Greece and the outcomes of a rejection of austerity have always been a known unknown, but the timing and sheer defiance from the Greeks have startled markets, causing strong range expansion. This has been perhaps most noticeably seen in the various implied volatility measures across the markets, proving traders have been smacked into action and a real wake-up call has been provided.
Many have been talking about a level of complacency in markets, but the portfolio protection sought by market participants has been very aggressive.
One-month implied volatility in EUR/JPY spiked 20% yesterday, with 10-day volatility in the German DAX now at a multi-year high. The S&P 500 VIX (volatility index) pushed up 34% for the biggest move in two years, but this seems a function of leveraged and high-frequency funds running the largest net short position (in VIX futures) since mid-2013 and having to cover. Interestingly, the S&P 500 could be on for a weekly change of more than 1% - something it hasn't managed in nine straight weeks and the fifth longest weekly run of all time!

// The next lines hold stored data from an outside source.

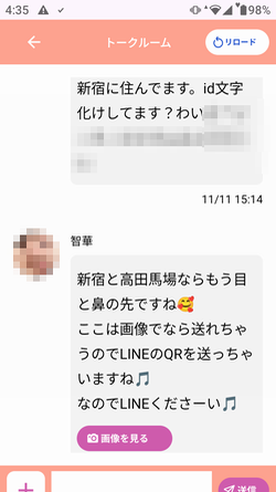 私はこのサクラが送ってきた画像もチェックしようとしましたが、ポイントが不足していて見ることができませんでした。ポイントがちょうど足りなくなるタイミングで画像を送り、ポイント購入を促すのがこのアプリのサクラの手口であるみたいです。
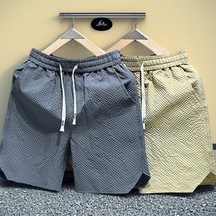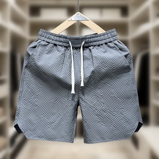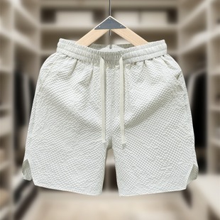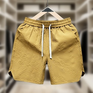 潮牌宽松休闲五分沙滩裤 美式 男女夏季 速干短裤 简约仿皱泡泡格薄款
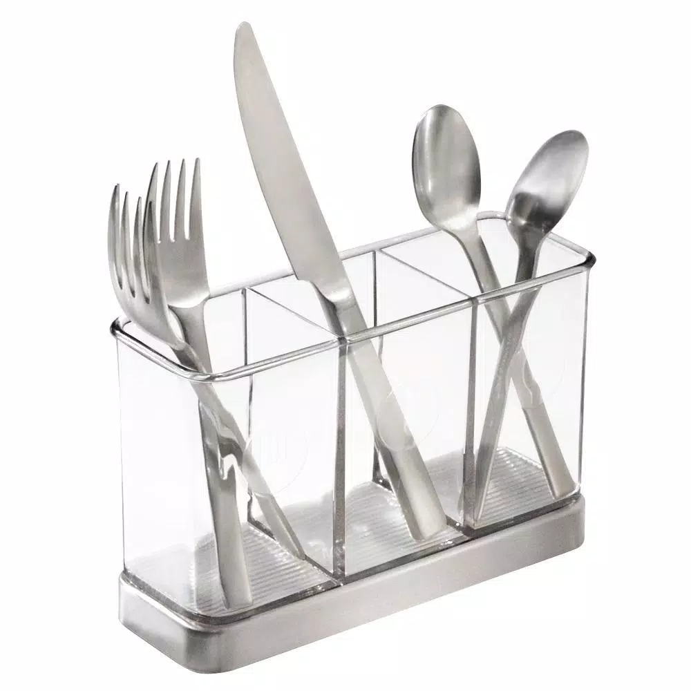 The interDesign Forma 2 Flatware Organizer is perfect for buffets and entertaining. With 3 separate compartments, this piece holds all of the necessary flatware. Brushed stainless steel base.
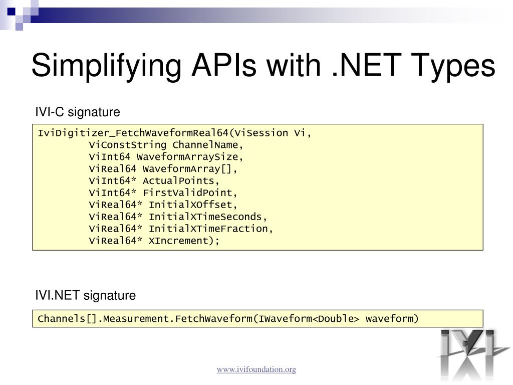 Simplifying APIs with .NET Types IVI-C signature IviDigitizer_FetchWaveformReal64(ViSession Vi, ViConstString ChannelName, ViInt64 WaveformArraySize, ViReal64 WaveformArray[], ViInt64* ActualPoints, ViInt64* FirstValidPoint, ViReal64* InitialXOffset, ViReal64* InitialXTimeSeconds, ViReal64* InitialXTimeFraction, ViReal64* XIncrement); IVI.NET signature Channels[].Measurement.FetchWaveform(IWaveform<Double> waveform) www.ivifoundation.org

The bond market, however, is the place to take cues from. Most in the market will rightly point out that Greece accounts for a small percentage of Europe’s output but it is the contagion risk that will drive sentiment. The best way to measure contagion risk is through the German bund/Italian BTP or Spanish bond spread.
Judging by the fairly aggressive (not to mention incorrect) narrowing of this yield spread from 16 June through to late last week, traders have had to perform a monumental about turn, pushing out spreads by over 150 basis points apiece. If this spread continues to widen, it will drive down developed market equities and increase implied volatility, although the ECB will look to mitigate this.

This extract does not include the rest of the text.